__TASK STATEMENT__
The answer must be an exact copy of the lines from the one with "Sumatra-Tiger ( Panthera tigris sumatrae )" through the final line of the records below, with no pictures.

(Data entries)

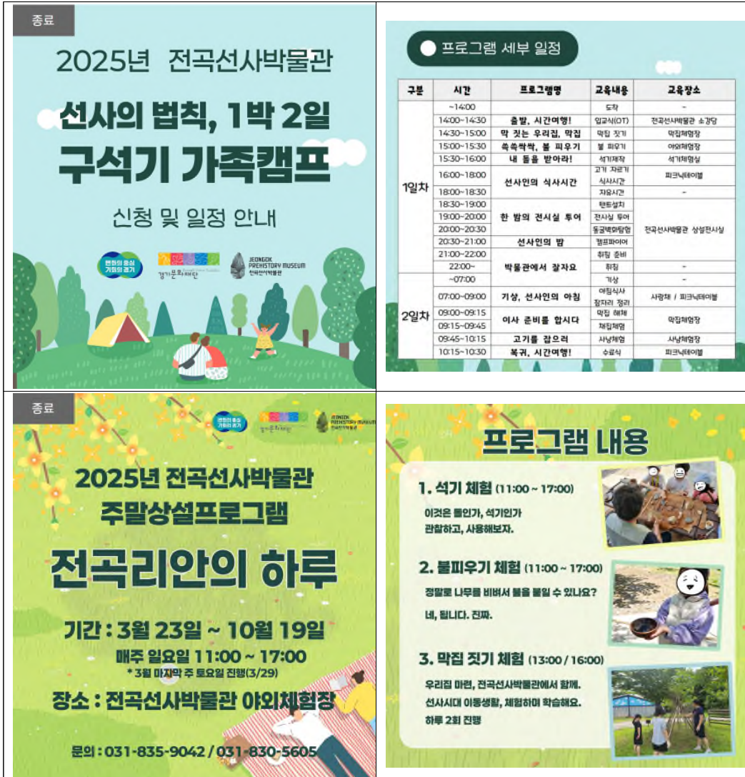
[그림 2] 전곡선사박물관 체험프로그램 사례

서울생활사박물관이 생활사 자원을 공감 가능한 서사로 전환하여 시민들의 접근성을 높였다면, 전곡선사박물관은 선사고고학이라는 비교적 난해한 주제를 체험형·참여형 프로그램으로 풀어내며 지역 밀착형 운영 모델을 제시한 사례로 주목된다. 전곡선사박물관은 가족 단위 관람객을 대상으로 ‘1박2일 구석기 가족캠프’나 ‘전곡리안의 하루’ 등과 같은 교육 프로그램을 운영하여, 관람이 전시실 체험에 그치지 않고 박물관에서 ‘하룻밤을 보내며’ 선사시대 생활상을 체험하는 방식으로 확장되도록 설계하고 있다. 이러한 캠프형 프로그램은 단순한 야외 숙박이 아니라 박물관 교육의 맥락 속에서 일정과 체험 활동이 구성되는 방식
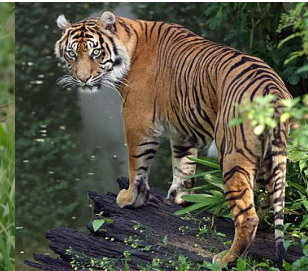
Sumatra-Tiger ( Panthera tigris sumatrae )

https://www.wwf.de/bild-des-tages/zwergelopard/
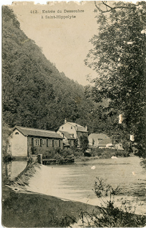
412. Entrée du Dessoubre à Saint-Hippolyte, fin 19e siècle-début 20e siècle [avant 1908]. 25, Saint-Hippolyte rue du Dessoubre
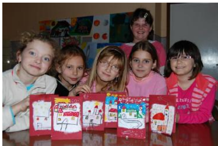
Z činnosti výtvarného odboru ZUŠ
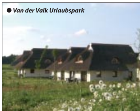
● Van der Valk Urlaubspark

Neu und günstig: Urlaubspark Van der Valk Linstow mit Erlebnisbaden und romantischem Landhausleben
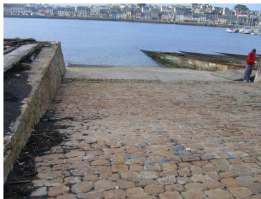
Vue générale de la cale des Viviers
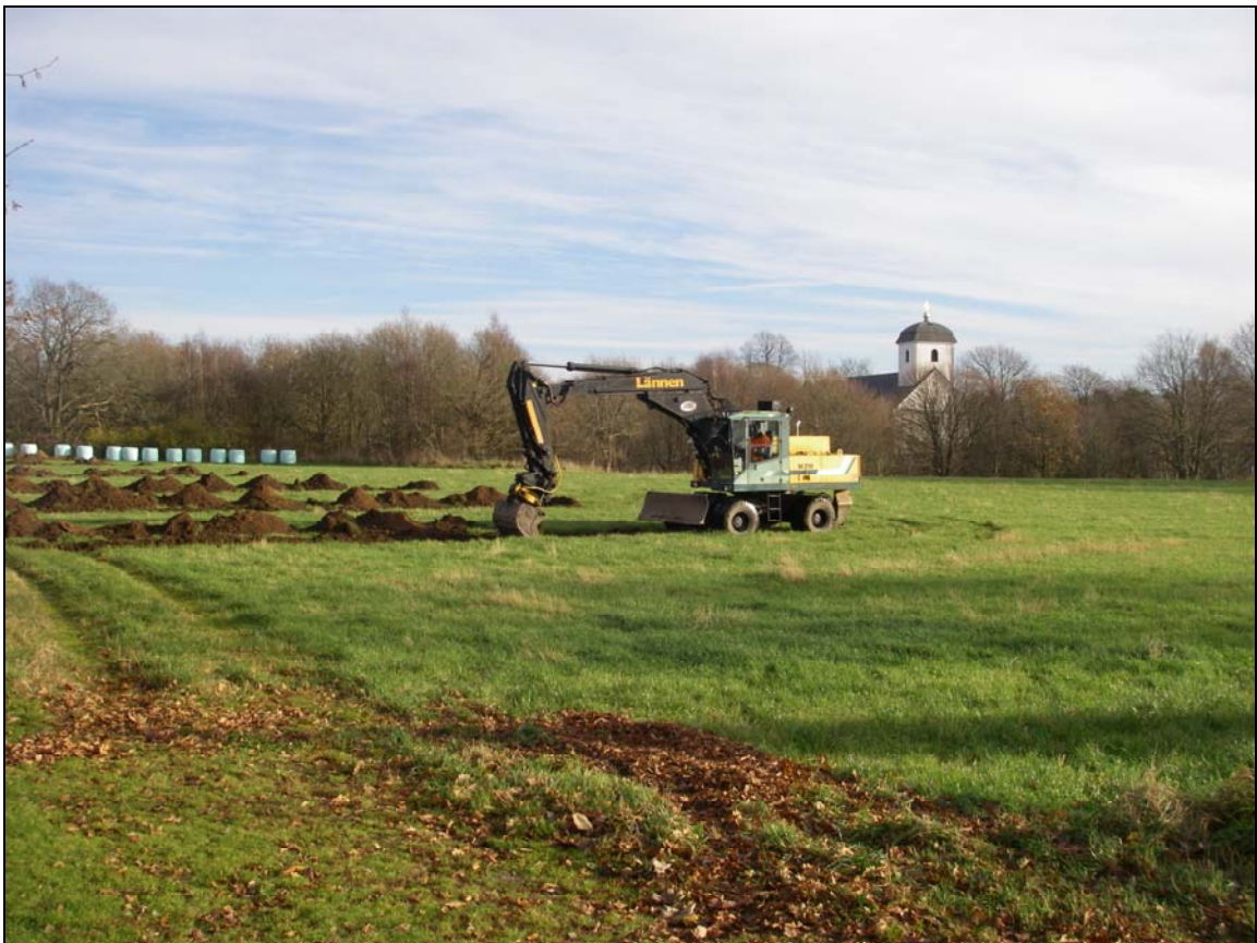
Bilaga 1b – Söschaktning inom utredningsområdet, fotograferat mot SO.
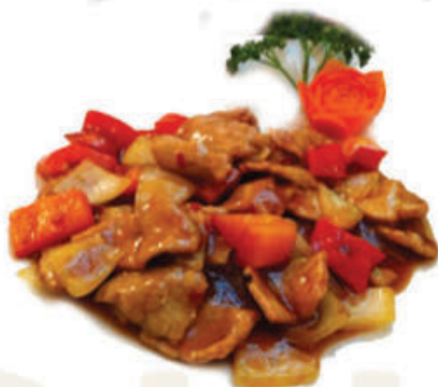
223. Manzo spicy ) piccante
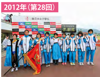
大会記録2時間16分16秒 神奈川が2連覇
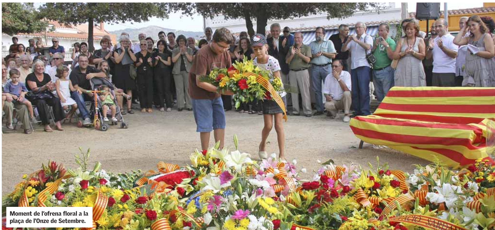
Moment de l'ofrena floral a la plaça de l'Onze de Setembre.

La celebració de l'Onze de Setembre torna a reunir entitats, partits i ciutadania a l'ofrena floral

__ANSWER AREA__
Sumatra-Tiger ( Panthera tigris sumatrae )

https://www.wwf.de/bild-des-tages/zwergelopard/
412. Entrée du Dessoubre à Saint-Hippolyte, fin 19e siècle-début 20e siècle [avant 1908]. 25, Saint-Hippolyte rue du Dessoubre
Z činnosti výtvarného odboru ZUŠ
● Van der Valk Urlaubspark

Neu und günstig: Urlaubspark Van der Valk Linstow mit Erlebnisbaden und romantischem Landhausleben
Vue générale de la cale des Viviers
Bilaga 1b – Söschaktning inom utredningsområdet, fotograferat mot SO.
223. Manzo spicy ) piccante
大会記録2時間16分16秒 神奈川が2連覇
Moment de l'ofrena floral a la plaça de l'Onze de Setembre.

La celebració de l'Onze de Setembre torna a reunir entitats, partits i ciutadania a l'ofrena floral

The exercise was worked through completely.